I could go on and on about this but it would be to no purpose, the gist of it all is that we kinda lost our purpose, for a while, a week or two; there was a big, busy, road-movie journey, bracketed by a sense of shock and bewilderment. This life, here, this old house and the walled garden, the lane, the hedges, the trees, it's a project; it's not a clever, got-it-made, low-maintainance, Country Living, Aga-Saga, des-res, shabby-chic, Barbour Jacket and Land Rover Life.
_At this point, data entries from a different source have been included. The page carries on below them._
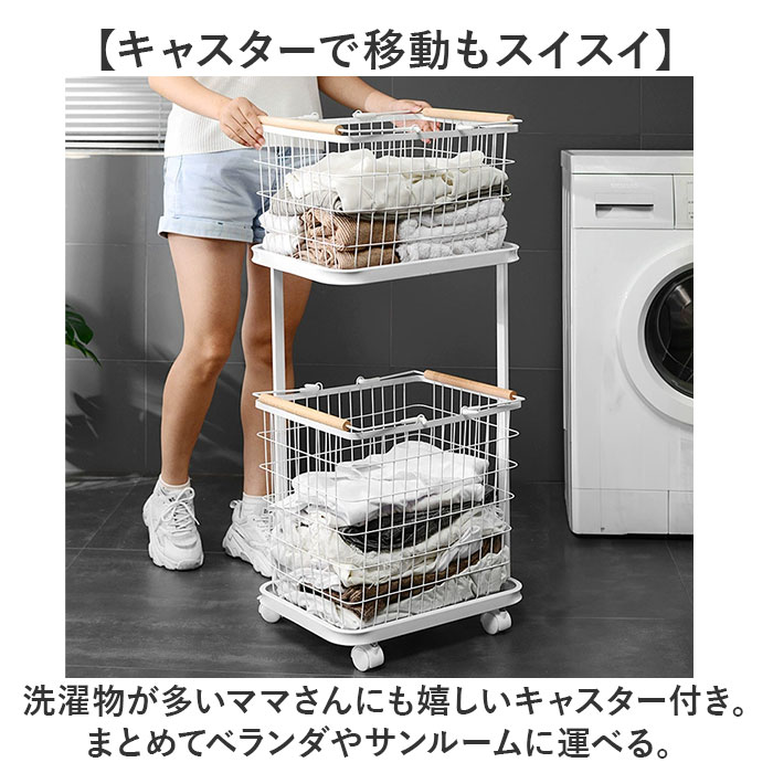 ランドリーバスケット キャスター付き 2段【ホワイト】
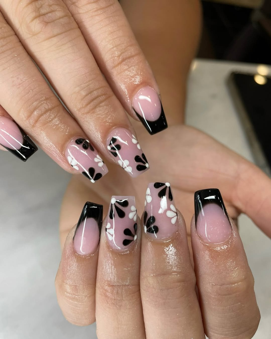 This one feels like spring flirting with edge. Classic black tips meet soft pink and playful black and white floral art, creating that sweet-meets-structured balance.
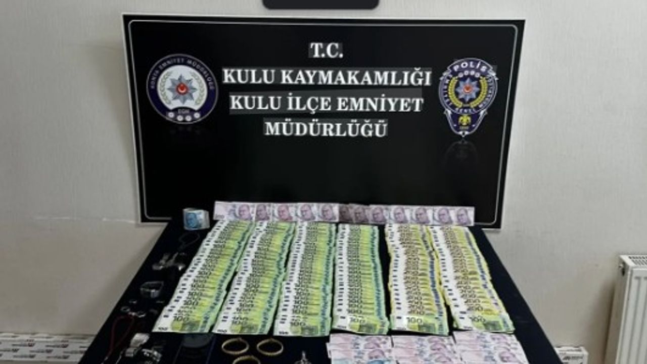 Konya’nın Kulu ilçesinde 22 Aralık tarihinde iş yeri, bir kurum ve bir evden hırsızlık yaptığı belirlenen Ö.T, polis ekiplerinin çalışmaları sonucunda Aksaray’da kaldığı otelde yakalandı. Zanlının kaldığı otelde gözaltına alınmasının ardından yapılan aramada çantasında üç adet bilezik, 27 bin 550 avro, 8 bin 235 Türk Lirası ve çaldığı otomobile ait anahtar ele geçirildi. Gözaltına alınan şüpheli, işlemlerinin tamamlanması için Kulu İlçe Emniyet Müdürlüğüne getirildi. Buradaki sorgusunun ardından adliyeye sevk edilen Ö.T, çıkarıldığı nöbetçi hakimlikçe tutuklanarak cezaevine gönderildi. Olay, hem Konya hem de Aksaray’da güvenlik güçlerinin koordineli çalışmasıyla sonuçlanırken, ele geçirilen ziynet eşyaları ve paralar soruşturma kapsamında incelenmek üzere emniyet birimlerine teslim edildi.
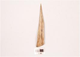 | Description / विवरण | Bone point with a polished surface, pointed tip, broad at other end, one side hollow and cut marks on surface visible. |
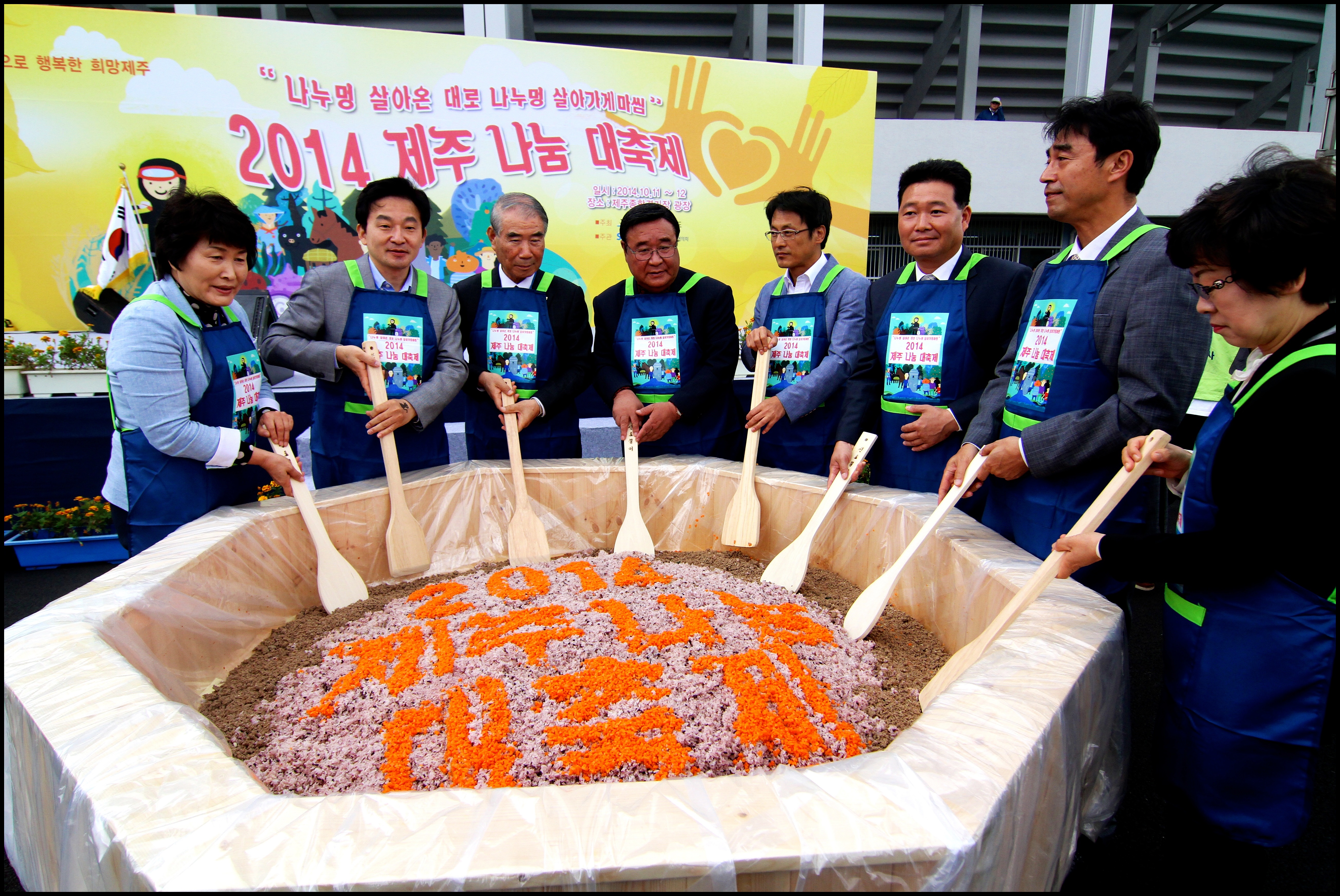 원희룡 도지사와 구성지 도의회 의장 등이 참석한 가운데 개최된 개막식에서는 나눔문화 활성화에 기여한 개인 및 단체, 기업체 등 유공자 10명에게 표창을 수여했으며, 한우협회와 KT&G가 나눔축제에 동참하고자 기부식품과 기부금을 전달했습니다. 제주여성장애인상담소'띠앗'합창단의 축하공연이 끝난 후 300인분의‘나눔 비빔밥 만들기’를 참가자들과 함께 진행했습니다.

I am not Michael Heseltine. It's all hard work, some of it even is altruistic. I was lying down, last evening, in the wet, planting Hawthorn cuttings through black membrane into a raised bed to maybe, in a couple of years' time, plant another hedge. I'm always doing stuff like that, as though lassooing the future, but my friend's so-sudden death knocked the wind from those sails, as well as arresting whatever it is which usually speeds these posted commentaries and I didn't see any point in writing, buffeted, as I was, this way and that, accosted by Death, nagged-at by Life: Pull yourself together, Ishmael, if you don't do this shit no other bastard will. The longer you leave it, the worse it'll be
While we were away, the gales came and blowtorched nearly everything with saltburn from the shore, but every year we fight back with clever pruning and stakes and fleeces and hope, we are farmers these thousands of years, clever monkeys, fishmen upo the shores of the sea; sometimes we fashion a forest of sections of drainpipe staked over tender trees and shrubs and each Spring it all comes back again. Dick won't be driving down my lane in his much ridiculed camper van, not this coming Spring, not ever again. But there it is, in the midst of life we are in death; never morning wore 'til evening but some poor heart did break. We will ape him in our speech, those little repetitive sayings which we all develop; we will miss him at our table and keep him in our hearts. But he is mourned now, enough, and, as ever, there are knaves to chastise, windy gabshites to mock and governments to bring down. Let the dead bury the dead, I spy motherfuckers.